Qu’est-ce qu’un voyeur ? Une per­sonne qui sélec­tionne les images offertes à sa vue en fonc­tion du désir sin­gu­lier qui l’anime. Chaque voyeur se défi­nit par son gout — c’est-à-dire par la pour­suite, pour son compte, de la quête infi­nie d’une image per­met­tant de relé­guer toutes les autres au rang de copies impar­faites. Lorsqu’il sou­lève sa per­sienne, ou bien qu’il paie une pros­ti­tuée pour la regar­der tra­vailler avec un autre client, ce qu’il cherche ne tient à nul secret — mais à la néces­si­té de pour­suivre une quête impos­sible. C’est cette quête que l’on nom­me­ra « tra­ver­sée des appa­rences » : l’affinement sin­gu­lier du regard per­met­tant d’isoler, au milieu de l’infinité des images, celles pro­dui­sant l’évènement d’une ren­contre avec le désir en appe­lant la sélec­tion. Mais dès lors que ce désir est appe­lé par une image impos­sible, celui-ci ne peut pos­sé­der la solu­tion lui per­met­tant de résoudre d’avance toutes les ren­contres — au contraire : chaque nou­velle image est une sur­prise l’informant davan­tage sur ce désir dont il ne sait rien.
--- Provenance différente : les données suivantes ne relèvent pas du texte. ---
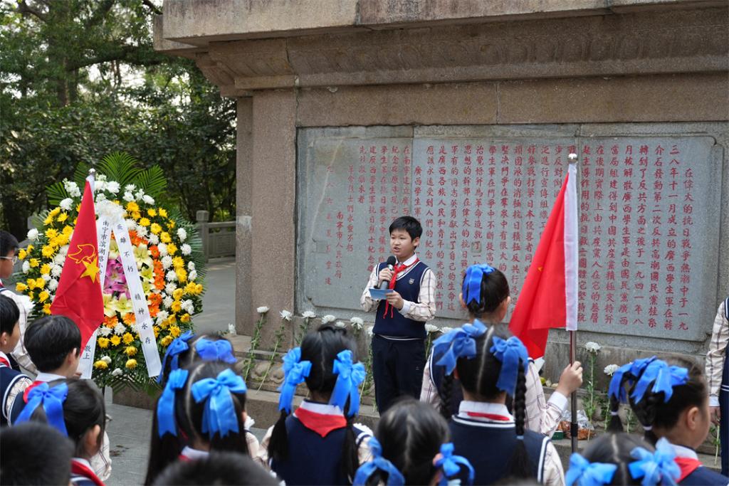 “同学们,我们胸前的红领巾在春风中飘扬,手中的白菊在阳光下绽放,我们究竟是在缅怀一群什么样的人?其实他们比我们大不了多少岁,为抵抗日本侵略,上世纪三十年代,数千广西学子报名参军,他们中最小的只有12岁,最大的不过20岁……”五(2)中队代表用铿锵的声音,讲述了一位13岁小姑娘用稚嫩的肩膀扛起保家卫国重任的故事。约3分钟的讲述中,队员们屏息凝神,有人悄悄攥紧了拳头,有人眼眶泛红。

Or, quel est celui qui anime les bavar­dages contem­po­rains sur la trans­pa­rence — sinon un désir d’ordre ? On conclu­ra que la trans­pa­rence, com­prise comme trans­cen­dan­tale du monde contem­po­rain, est l’indice d’une volon­té de voyeu­risme aus­si géné­ra­li­sée que inas­su­mée. Il faut donc lui oppo­ser un autre voyeu­risme — sin­gu­la­ri­sé et heureux.